> _EXERCISE REQUIREMENTS_
Once "应用场景页面设有银行登录、身" turns up in a line below, reproduce that line and those after it exactly, stopping after the line with "This is a beautiful, raw"; leave pictures out.

> _SUPPLIED RECORDS_
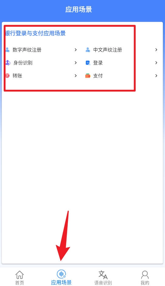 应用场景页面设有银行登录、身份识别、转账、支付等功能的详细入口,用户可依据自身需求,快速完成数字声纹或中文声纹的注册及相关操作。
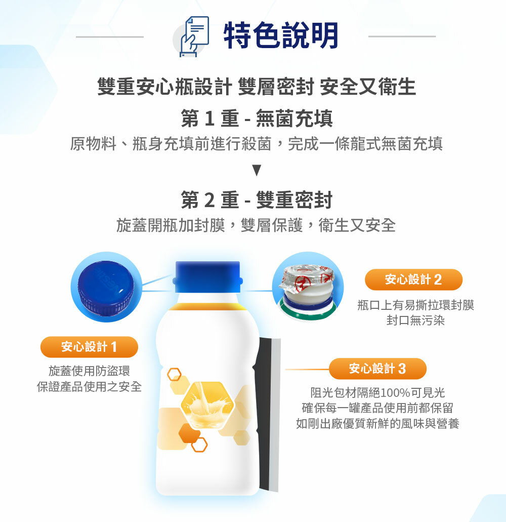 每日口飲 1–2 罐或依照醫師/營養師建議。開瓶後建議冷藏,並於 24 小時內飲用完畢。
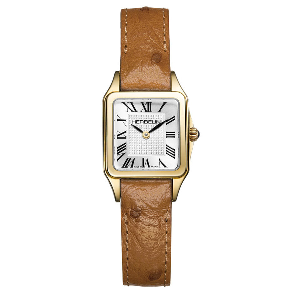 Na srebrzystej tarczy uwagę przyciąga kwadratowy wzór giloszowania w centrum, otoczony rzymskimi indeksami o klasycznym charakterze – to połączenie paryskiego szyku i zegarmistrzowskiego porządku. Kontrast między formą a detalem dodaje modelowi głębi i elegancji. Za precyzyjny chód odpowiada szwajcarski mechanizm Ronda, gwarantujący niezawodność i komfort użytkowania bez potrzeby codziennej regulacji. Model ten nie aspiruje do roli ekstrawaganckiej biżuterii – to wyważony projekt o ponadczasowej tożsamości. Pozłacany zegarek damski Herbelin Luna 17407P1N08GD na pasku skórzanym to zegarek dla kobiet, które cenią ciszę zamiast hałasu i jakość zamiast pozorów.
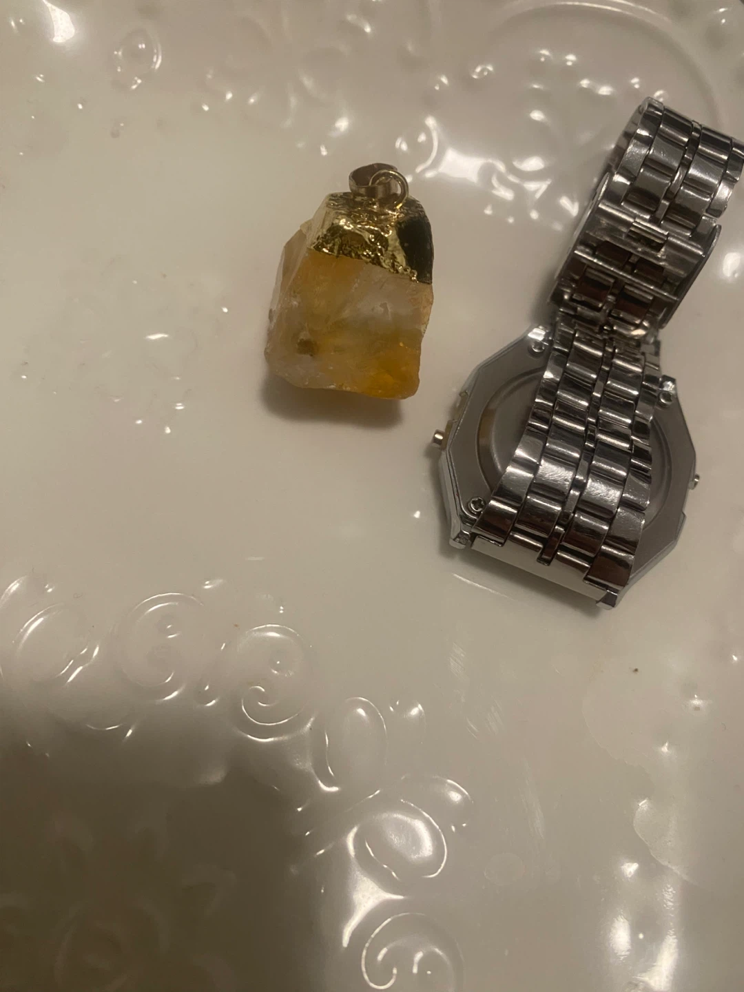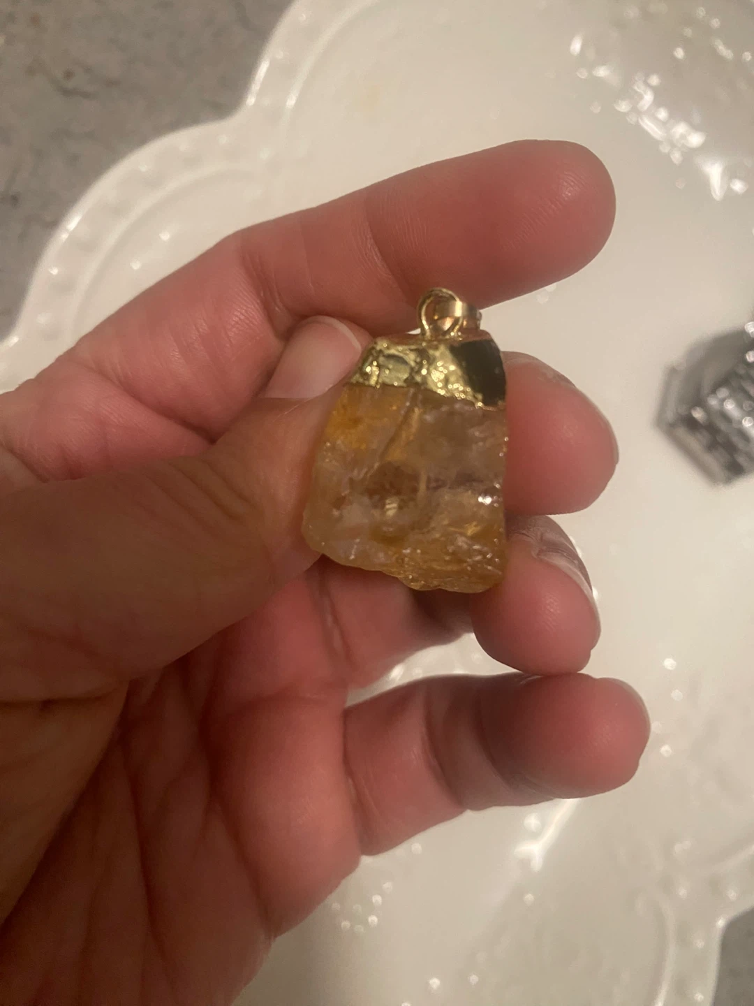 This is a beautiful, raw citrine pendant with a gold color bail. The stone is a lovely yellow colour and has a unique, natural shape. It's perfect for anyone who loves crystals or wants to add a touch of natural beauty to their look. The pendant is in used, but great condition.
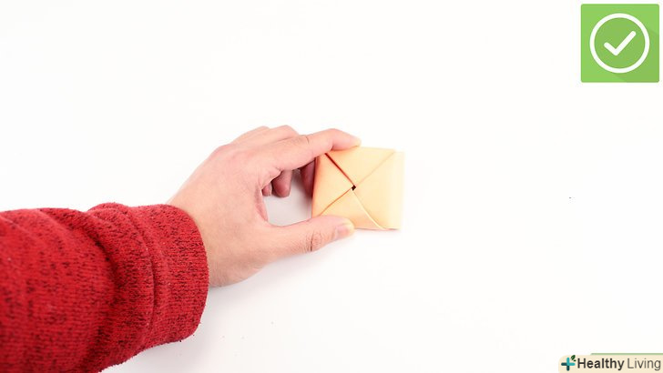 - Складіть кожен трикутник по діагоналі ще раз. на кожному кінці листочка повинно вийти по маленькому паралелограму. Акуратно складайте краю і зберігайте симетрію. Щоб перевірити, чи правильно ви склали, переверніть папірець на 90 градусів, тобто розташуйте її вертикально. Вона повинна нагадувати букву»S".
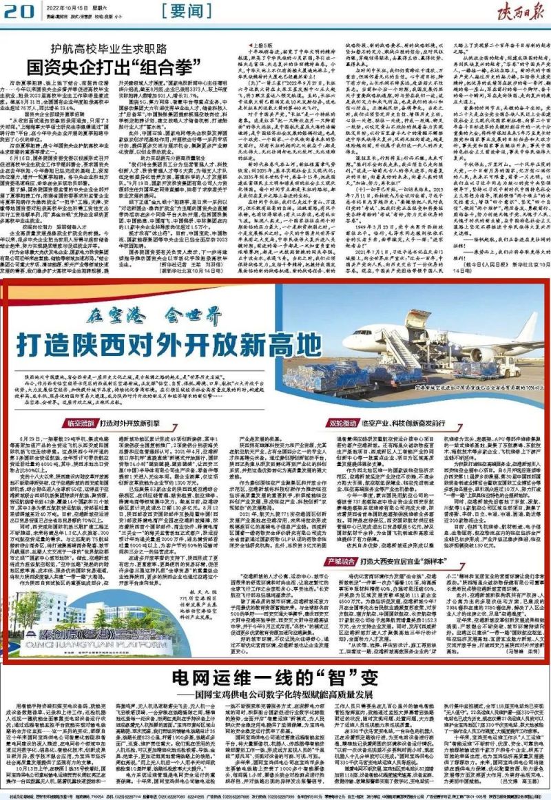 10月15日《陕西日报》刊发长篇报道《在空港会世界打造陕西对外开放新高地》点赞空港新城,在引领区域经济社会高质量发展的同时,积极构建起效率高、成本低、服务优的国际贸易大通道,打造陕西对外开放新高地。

...

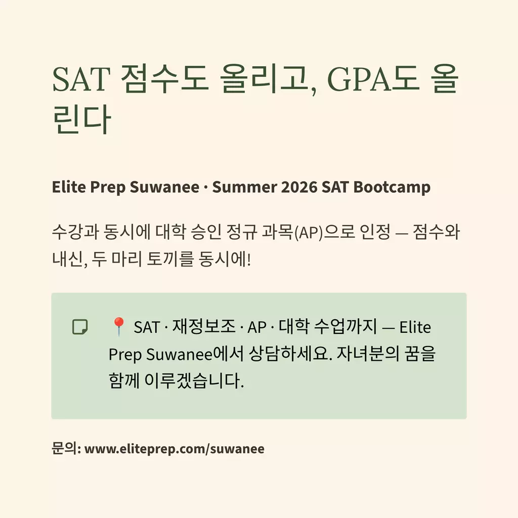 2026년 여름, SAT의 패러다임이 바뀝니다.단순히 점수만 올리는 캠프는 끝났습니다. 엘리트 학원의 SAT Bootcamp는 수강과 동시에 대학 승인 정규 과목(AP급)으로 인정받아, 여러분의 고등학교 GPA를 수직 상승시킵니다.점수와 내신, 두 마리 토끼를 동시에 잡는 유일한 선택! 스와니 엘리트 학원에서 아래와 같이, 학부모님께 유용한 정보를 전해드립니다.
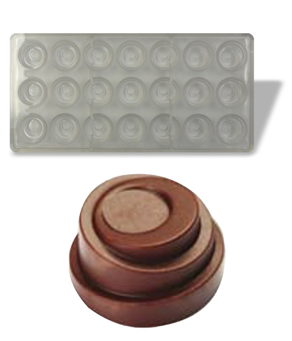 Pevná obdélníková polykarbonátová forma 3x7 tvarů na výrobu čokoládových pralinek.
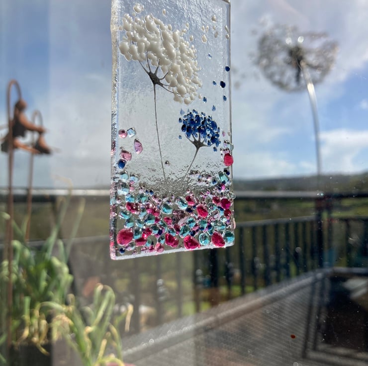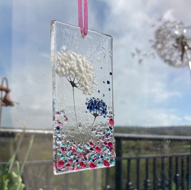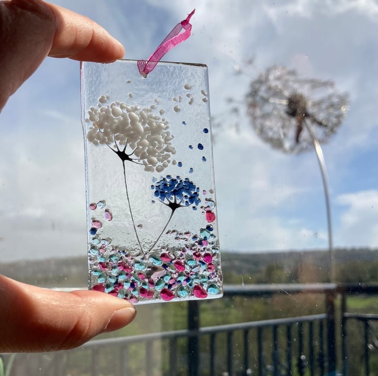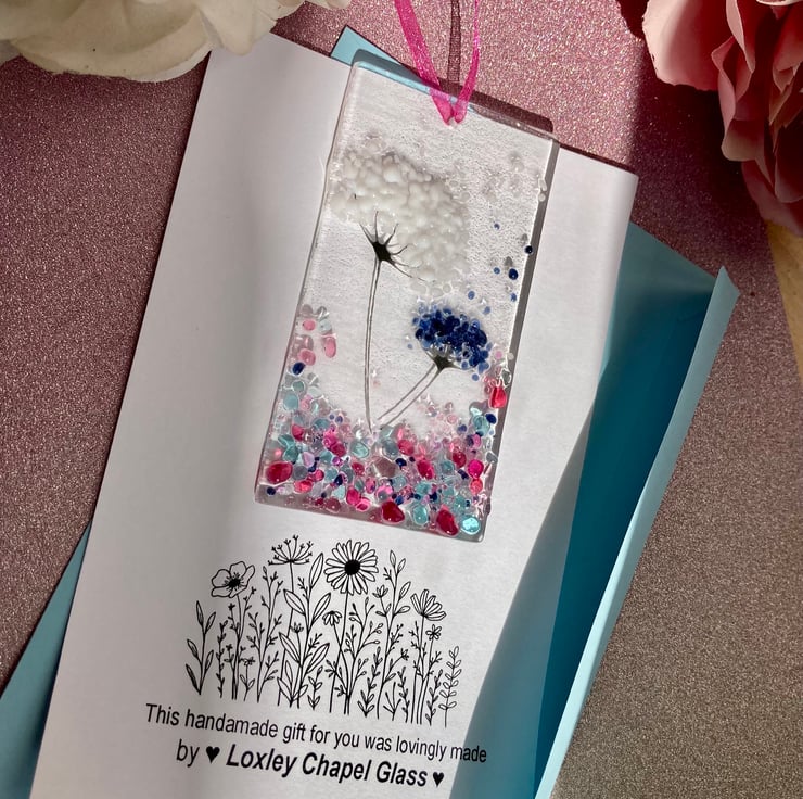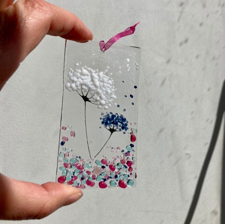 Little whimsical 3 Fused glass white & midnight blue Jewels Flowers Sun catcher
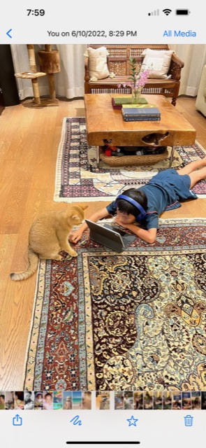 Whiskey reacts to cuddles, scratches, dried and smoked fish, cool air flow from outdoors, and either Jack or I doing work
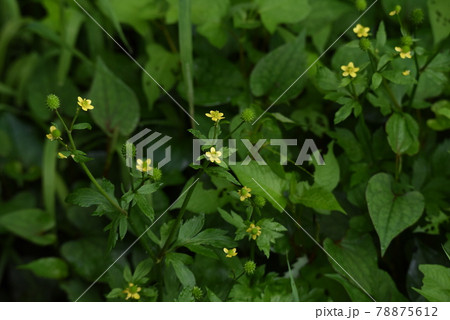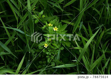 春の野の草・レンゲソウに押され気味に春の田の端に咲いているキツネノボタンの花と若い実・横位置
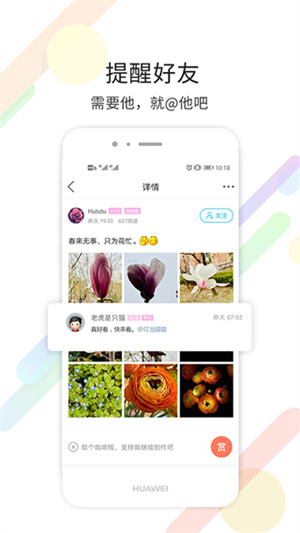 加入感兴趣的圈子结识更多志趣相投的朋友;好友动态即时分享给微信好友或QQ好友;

> _OUTPUT FOR THIS EXERCISE_
 应用场景页面设有银行登录、身份识别、转账、支付等功能的详细入口,用户可依据自身需求,快速完成数字声纹或中文声纹的注册及相关操作。
 每日口飲 1–2 罐或依照醫師/營養師建議。開瓶後建議冷藏,並於 24 小時內飲用完畢。
 Na srebrzystej tarczy uwagę przyciąga kwadratowy wzór giloszowania w centrum, otoczony rzymskimi indeksami o klasycznym charakterze – to połączenie paryskiego szyku i zegarmistrzowskiego porządku. Kontrast między formą a detalem dodaje modelowi głębi i elegancji. Za precyzyjny chód odpowiada szwajcarski mechanizm Ronda, gwarantujący niezawodność i komfort użytkowania bez potrzeby codziennej regulacji. Model ten nie aspiruje do roli ekstrawaganckiej biżuterii – to wyważony projekt o ponadczasowej tożsamości. Pozłacany zegarek damski Herbelin Luna 17407P1N08GD na pasku skórzanym to zegarek dla kobiet, które cenią ciszę zamiast hałasu i jakość zamiast pozorów.
 This is a beautiful, raw citrine pendant with a gold color bail. The stone is a lovely yellow colour and has a unique, natural shape. It's perfect for anyone who loves crystals or wants to add a touch of natural beauty to their look. The pendant is in used, but great condition.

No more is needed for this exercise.